After a number of conversations over the past few years with several other engineers who have moved beyond senior levels into staff and principal positions I've come away with a lot of insights, many of which have seen their way to Twitter or other conversations first, but now it's time to start collecting some of those stories into this new series: Beyond Senior.
What does it mean to go beyond the senior level in an engineering organization?
That's the question we're going to be looking at throughout this series.
The Peacock, the Hermit, and the Counsel
The more senior you become in your role the you need to self-market and sell people on your ideas. In order to drive consensus, inform decisions of executives, spread information, or otherwise raise awareness of work going on you'll find that communications and politics, especially around sales and marketing, are mandatory to be effective.
Some love it, some hate it, but it's perhaps a bit more complicated than that. Let's explore a few archetypes of this particular type of politicking at scale, and a few examples from my own career of how these roles have worked out.
The Peacock
You know the one. They proudly flaunt, loudly proclaim, demand attention, and overall make a significant amount of noise around anything they're currently doing. They write lavish announcement emails, threads on slack, tag every executive in a five mile radius, and make sure everyone is aware of exactly what they're up to at all times.
Certainly it's very pretty and well formatted, gives a lot of information, and definitely raises awareness but you'll find it very lacking. The information you get tends to be vapid and hollow, lacking in any real substance, and filled to the brim with hyperbole if not outright falsehoods to make them look far grander than they truly are.
When it comes down to it they tell an excellent story, but many will find it hard to trust the peacock as the information they share may or may not be an accurate retelling of events. You'll always be second guessing how much is flowery wordplay versus substantiated information.

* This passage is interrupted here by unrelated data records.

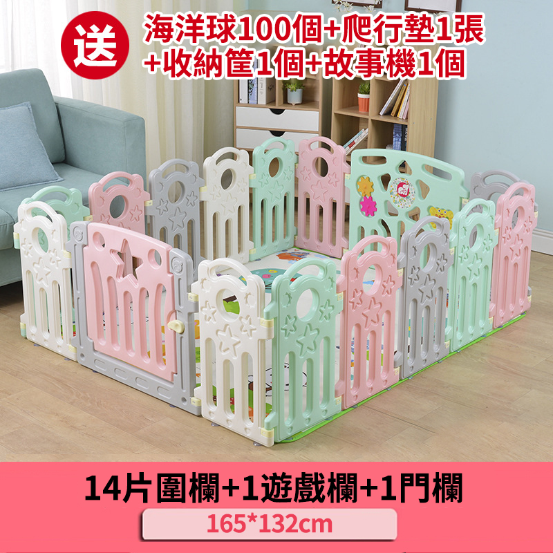 半小時前愛他/她!就給他/她滿滿的愛!寶寶學步遊戲圍欄,呵護寶寶安全【週年特賣,買1送4】 - 可折疊普通款【送爬行墊+海洋球+故事機+收納籃】14圍欄+1遊戲欄+1門欄
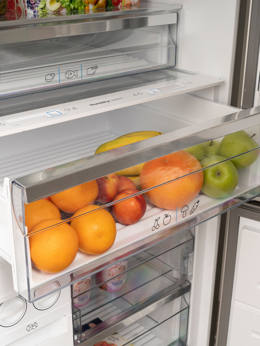 защита от детей, льдогенератор, система контроля влажности, Full No Frost, Антибактериальное покрытие камеры, Дисплей, Зона свежести, Светодиодная подсветка, Скрытые ручки, Суперзаморозка, Суперохлаждение
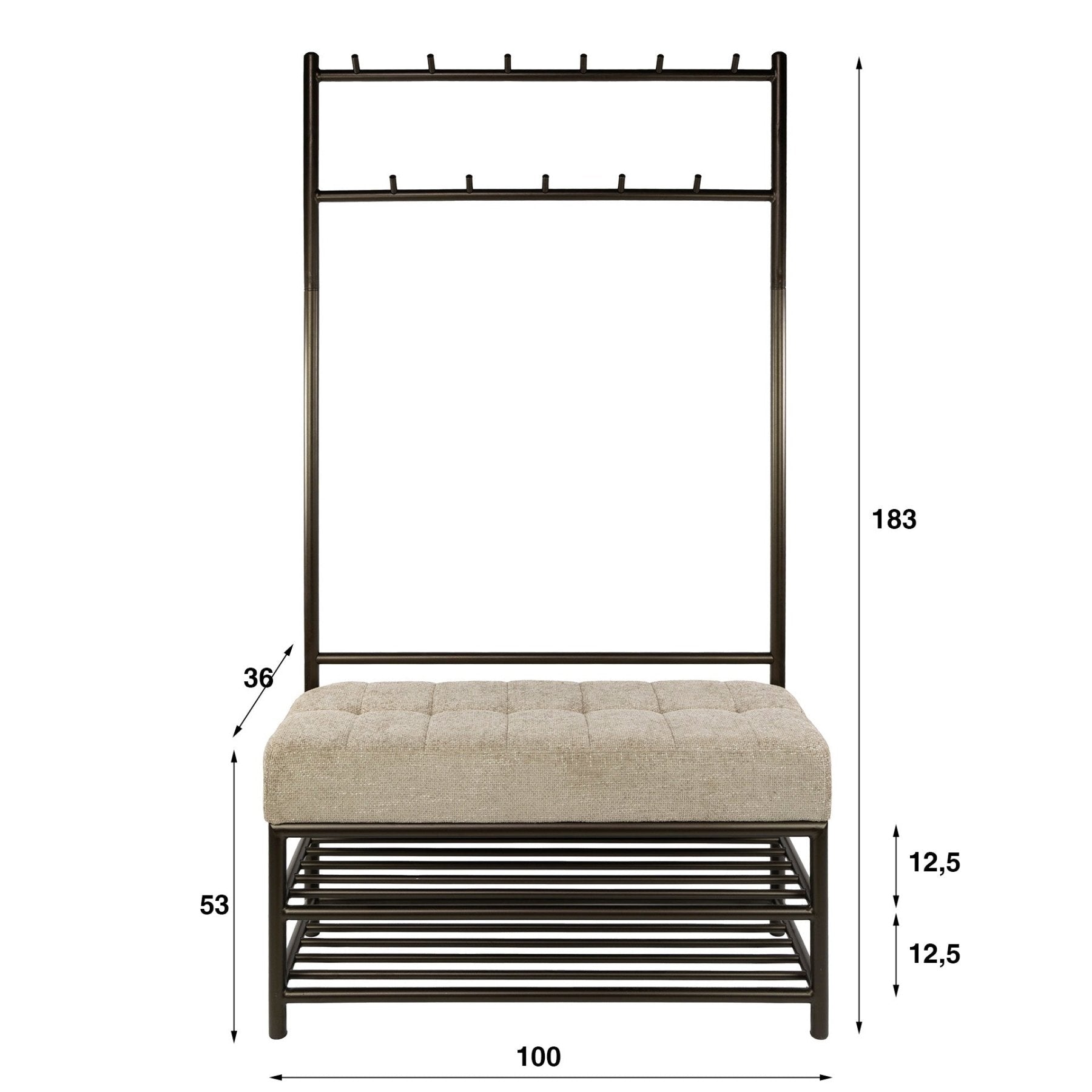 Dit model is ontworpen met aandacht voor gebruiksgemak: een stevige zitting, voldoende hoogte om jassen overzichtelijk op te hangen en een robuuste afwerking die dagelijks gebruik aankan. De bank is geschikt voor alle seizoenen en biedt een nette, georganiseerde uitstraling zonder te veel ruimte in te nemen.

Their primary drives are ego and attention, and there are most certainly cases where a peacock can gain the attention and admiration of an executive, catapulting them to upper levels. Problem is eventually hollow words and architecture collapse, masks drop, and the curtain falls.
I've run into several peacocks who got promoted quickly and were put into positions of power, only to fail visibly later once the spin and shine wore off. Near every single time their silver tongues would catch up to them, and people would find out that maybe they didn't get the straight story. Sometimes they'd get away with it for far longer, just to leave the company to start over again with someone who didn't know any better.
The Hermit
The hermit hates the peacock with a burning passion. They refuse to engage in all the politics, and adamantly refuse to play such petty games. They want nothing to do with it, and will defiantly hold to that stance.
Their work speaks for itself, let others discover the value in their own time, because it's obviously the superior product. If anyone doesn't happen to read their source or directly ask them that's their problem, their job is to deliver code, not to flaunt around.
They abhor the entire choreographed dance routine where you have to say the right words to the right people at the right time, and they want out.
People seek them out for wisdom, not the other way around, they're not here to preach or prance. They don't care, only the code matters.
I've seen many a hermit build a substantial amount of expertise, becoming indispensable to the company, and driving along large complicated technical projects. The problem is no one knew what in the world they were up to, and frequently they would have budgets and teams cut for it. Either that, or there would be significant misunderstandings, conflicting timelines, or otherwise general chaos as no one knew what the plan was.
The Counsel
Perhaps unsurprisingly neither of those types sound particularly well-grounded, and indeed both have substantial flaws which prevent them from being effective at any sort of a scale. Both are driven by ego and a sense of self-importance, and both critically miss the point of levels beyond senior.
Enter the counsel, option three. They act as an informational source, an intermediary, to summarize information between the executives in their scope (staff to directors, principal to heads / VPs), and to communicate broader goals down to those working on their localized teams.
They certainly do some amount of marketing and sales, but not for ego, for drawing attention judiciously to that which needs it and seeing those cases through. They're not around to show off, nor do they self-isolate. They exist to inform and bring clarity to their teams.
For them saying nothing is worse because than all that information is lost, and people may not be aware of larger efforts which may concern their teams, making it impossible to move larger projects along safely without collateral damage.
Balance
What it comes down to, in the end, is the ability to use marketing and sales to drive clarity in your teams and why you pursue it. Was it all for your own glory, or was it for the betterment of your teams? Many lie to themselves on this, and it'll cost them in the long run.
Engineering never was a solo effort, despite some folks best intentions to make it into one. To be effective at these levels you need to be able to let go of your ego and seek to serve others, to grow them, and to make them more effective over time.
Losing sight of that will make a very brittle engineer, and a high-level liability just waiting to cause damage to the company around them.
Wrapping Up
I get it. People either love or hate politics at work, but to frame it as such misses the point. They're necessary, like it or not, but how we approach it makes all the difference in the world. In order to be effective you need to seek clear communications for the sake of those communications, not for the sake of some ephemeral promotion or grand recognition.
Beyond senior the path to growth is through others and empowering them to be more effective, because one person cannot ever take on the entire world, no matter how hard they might try to tell you otherwise.